The best things to show are 1. the most important amino acid residues to the protein's function (for example, the residues found in the active site that particularly carry out the protein's action on its substrate) and 2. the features of the protein's environment that are relevant to its function (e.g., if the protein acts upon a particular cell structure, you could create a schematic model of that cell structure to show the protein acting upon it).

I read that the amino acid residue cysteine is very important in caspase-3, but how do I know if all of the cysteines in caspase-3 are important or if only just some of them are? Wikipedia says that cys285, his237, and gly 238 are important, but I cannot find a cys285 in caspase 3. is there a reason for this discrepancy?

rkoopma2 wrote:I read that the amino acid residue cysteine is very important in caspase-3, but how do I know if all of the cysteines in caspase-3 are important or if only just some of them are? Wikipedia says that cys285, his237, and gly 238 are important, but I cannot find a cys285 in caspase 3. is there a reason for this discrepancy?

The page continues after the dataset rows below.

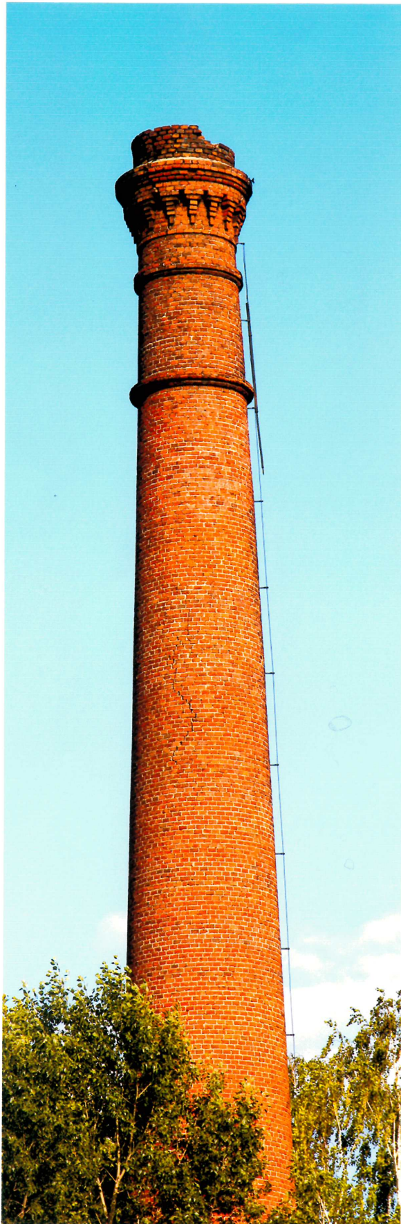
Видовая точка № 9. Кирпичная труба котельной.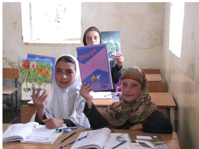
Choba : Distribution de fournitures scolaires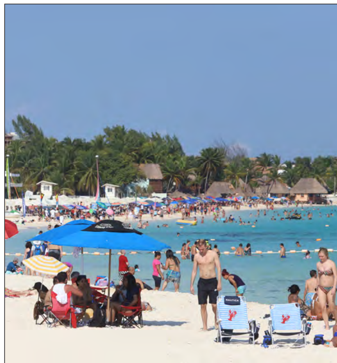
▲ El modelo de turismo excluyente prosperó gracias a la ausencia del Estado, porque se creyó que el mercado lo regula todo.

Pero para este caso, el efecto del decreto es el mismo: la población tiene el absoluto derecho de ingresar al escaso recurso que es la playa. El conflicto es con la propiedad privada y especialmente con el modelo turístico que vende sol, playa y aguas azules para el disfrute exclusivo/excluyente de quien puede pagar por unas cuantas noches de hospedaje. Ese modelo es el que impuso que en 25 kilómetros de la zona hotelera de Cancún haya apenas 10 accesos públicos a las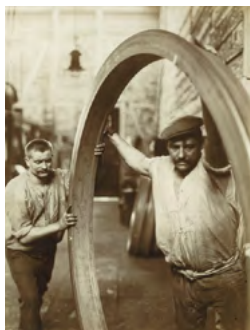
Transport naadloze wielband, 1899

Reeds in 1912 richtte het bedrijf Krupp een eigen cinematografische afdeling op. In deze ruimte bestaat de mogelijkheid 18 geselecteerde historische films op te roepen. Ze ontstonden tussen 1928 en 1964.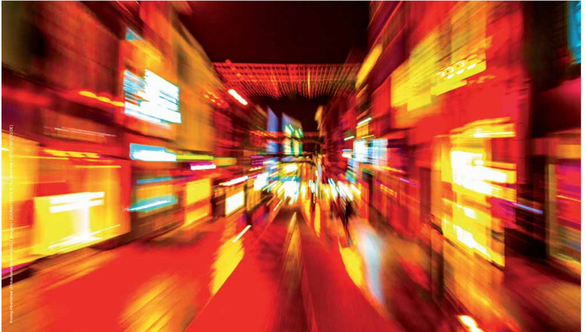
Koning Albertstraat (Einkaufsstraße) in HASSELT (Belgien) • ZOOMEFFEKTE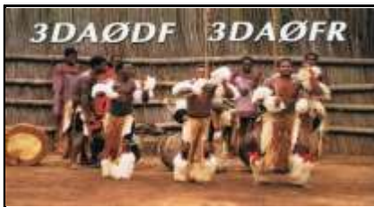
Mountain Inn Mbabane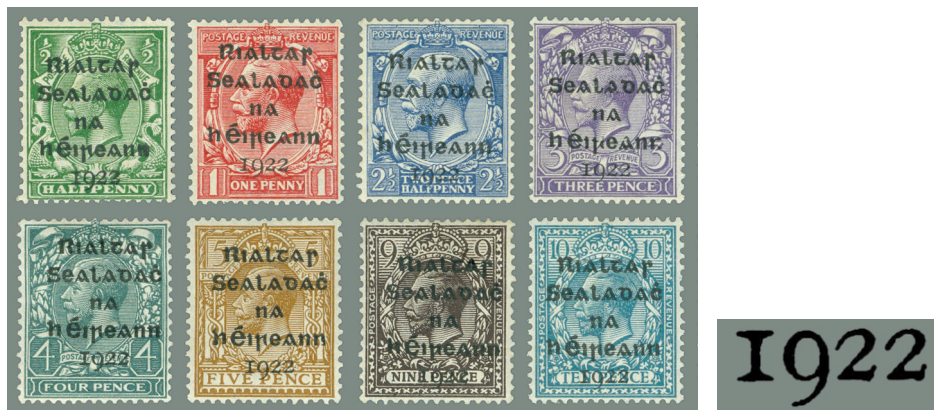
Afbeelding 7. De Dollard overdrukken van februari 1922

Dollard bracht de overdruk aan op acht waarden (½d, 1d, 2½d, 3d, 4d, 5d, 9d en 10d; catalogus nrs. T1-8, SET 1T, afbeelding 7), terwijl Thom de andere vier waarden (1½d, 2d, 6d en 1s; T15-19; SET 4T, afbeelding 11 verderop) voor zijn rekening nam. 1 In beide gevallen werd gebruik gemaakt van het Keltische alfabet, en zwarte inkt. De zegels werden op 17 februari 1922 beschikbaar gesteld.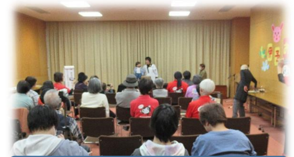
伊予おはなしひろば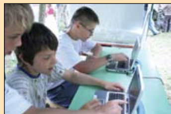
KIT-es tudásportál bemutatása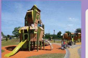
35 ŽAIDĪMŪ AIKŠTELĒ „BRĪNUMZEME”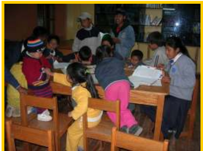
De kinderen maken hun huiswerk

Meer opleidingen voor het team en meer nieuwe boeken in de bibliotheek, niet alleen voor Inti Huahuacuna maar zeker ook voor Inti Ñan. Onlangs zijn de kinderen van Inti Ñan uit de wijk Tica Tica een bezoekje komen brengen aan Inti Huahuacuna in de wijk Zarzuela en het raakte me enorm te zien hoe geëmotioneerd deze kinderen waren bij het zien van de mogelijkheden die wij de kinderen in dit opvanghuis kunnen bieden.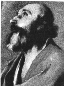
Charakterkopf in ekstatischer Haltung. Barock-Portrait italienisch-kirchlichen Stils von G. Peltrini.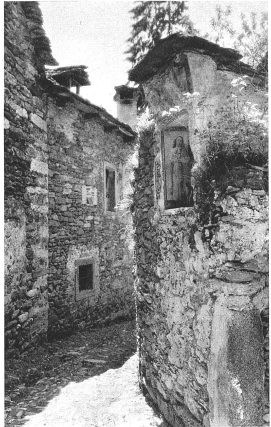
Arcegno bel Ascona.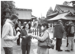
英語ボランティアによるALTの協力による観光ボランティア養成講座現場研修

本市の観光振興は、いかに地域の皆様一人一人が、地域を愛し、観光客に対するおもてなしの向上を図っていくかが最も重要である。今後は、市民の皆様とともに、本市の豊かな観光資源の認識を深め、おもてなしの向上や機運の醸成を図れるような仕組み作りを検討していきたい。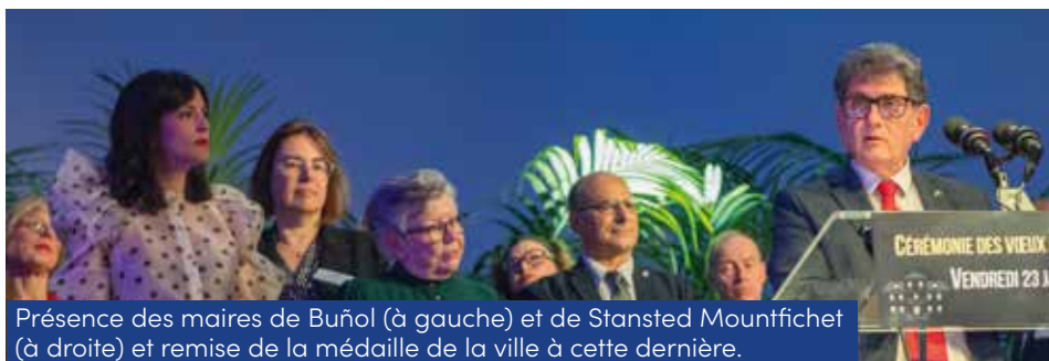
Présence des maires de Buñol (à gauche) et de Stansted Mountfichet (à droite) et remise de la médaille de la ville à cette dernière.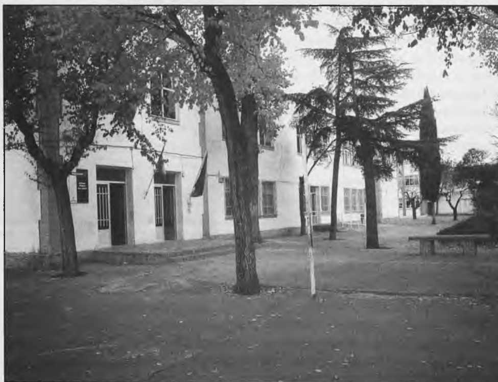
Un nuevo colegio se construirá en el barrio de San Isidro, lo que entendemos llevaría pareja la desaparición del actual, al menos con el destino que tiene ahora.

También en sesión ordinaria, se aprobó por unanimidad en el pleno del Ayuntamiento del pasado mes de junio, solicitar la construcción de un nuevo colegio, que estaría ubicado en el barrio de San Isidro.

nevermind, I should have read the posts above.
Does this mean that ala-285 is correct, and that it is just mutated, or that ala-285 should be cys-285
thanks!

rkoopma2 wrote:

rkoopma2 wrote:I read that the amino acid residue cysteine is very important in caspase-3, but how do I know if all of the cysteines in caspase-3 are important or if only just some of them are? Wikipedia says that cys285, his237, and gly 238 are important, but I cannot find a cys285 in caspase 3. is there a reason for this discrepancy?

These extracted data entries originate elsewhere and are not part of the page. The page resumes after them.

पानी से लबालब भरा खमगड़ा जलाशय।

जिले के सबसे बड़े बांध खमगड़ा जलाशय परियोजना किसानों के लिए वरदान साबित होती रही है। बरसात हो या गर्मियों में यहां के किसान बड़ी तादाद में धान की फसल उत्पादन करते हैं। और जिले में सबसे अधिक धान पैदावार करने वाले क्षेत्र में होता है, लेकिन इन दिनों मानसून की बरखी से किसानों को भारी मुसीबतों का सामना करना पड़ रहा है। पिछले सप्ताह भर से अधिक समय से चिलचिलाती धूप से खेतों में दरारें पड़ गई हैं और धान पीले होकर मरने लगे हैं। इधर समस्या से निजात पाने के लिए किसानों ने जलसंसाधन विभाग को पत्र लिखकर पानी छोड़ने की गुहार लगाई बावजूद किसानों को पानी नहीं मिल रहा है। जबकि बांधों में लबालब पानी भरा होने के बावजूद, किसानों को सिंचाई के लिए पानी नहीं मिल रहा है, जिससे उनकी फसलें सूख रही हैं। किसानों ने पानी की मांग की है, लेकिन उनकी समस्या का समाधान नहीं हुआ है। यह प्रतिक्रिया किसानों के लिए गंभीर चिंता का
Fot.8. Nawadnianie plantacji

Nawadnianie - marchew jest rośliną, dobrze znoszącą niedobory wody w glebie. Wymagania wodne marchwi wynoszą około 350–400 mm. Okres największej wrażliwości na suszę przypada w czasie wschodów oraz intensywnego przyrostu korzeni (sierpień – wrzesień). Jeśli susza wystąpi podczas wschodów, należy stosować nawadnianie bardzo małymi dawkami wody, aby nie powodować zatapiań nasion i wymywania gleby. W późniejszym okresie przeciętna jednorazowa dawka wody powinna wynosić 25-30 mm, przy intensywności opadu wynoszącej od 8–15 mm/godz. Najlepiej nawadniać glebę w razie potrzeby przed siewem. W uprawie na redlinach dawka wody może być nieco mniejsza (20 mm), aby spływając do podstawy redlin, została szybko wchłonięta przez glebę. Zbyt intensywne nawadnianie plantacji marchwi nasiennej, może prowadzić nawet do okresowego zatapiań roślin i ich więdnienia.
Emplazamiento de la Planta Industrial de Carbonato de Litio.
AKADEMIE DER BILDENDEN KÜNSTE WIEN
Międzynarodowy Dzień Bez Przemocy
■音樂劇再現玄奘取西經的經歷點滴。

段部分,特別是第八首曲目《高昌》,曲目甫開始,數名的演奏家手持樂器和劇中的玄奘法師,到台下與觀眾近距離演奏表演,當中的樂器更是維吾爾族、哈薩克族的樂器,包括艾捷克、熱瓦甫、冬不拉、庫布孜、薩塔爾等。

nevermind, I should have read the posts above.
Does this mean that ala-285 is correct, and that it is just mutated, or that ala-285 should be cys-285
thanks!

Well, in caspase-3, position 285 is usually a cysteine. As you've probably gathered from this thread, that cysteine is relevant to the function of caspase-3 in a pretty major way. If you want to showcase that part of the function of caspase-3 as a creative addition on your model, then you should probably display CYS285. However, if you decided to, for example, display this particular mutation as a creative addition (which wouldn't be completely unreasonable – the researchers made that mutation for a reason, after all – but it might or might not be the best way to show the "molecular story" of caspase-3), then it would make sense to show ALA285 instead.

What you should show depends on what the goal of your model is.

Uh, did anyone compete in this event yet? On the exam (in regards to this year's topic), what questions did they generally ask? I know the mechanisms/signals of apoptosis will be on there, but I'm not sure about bone marrow transplants, as it says on the rules (kind of late, but thanks to anyone who answered my previous question).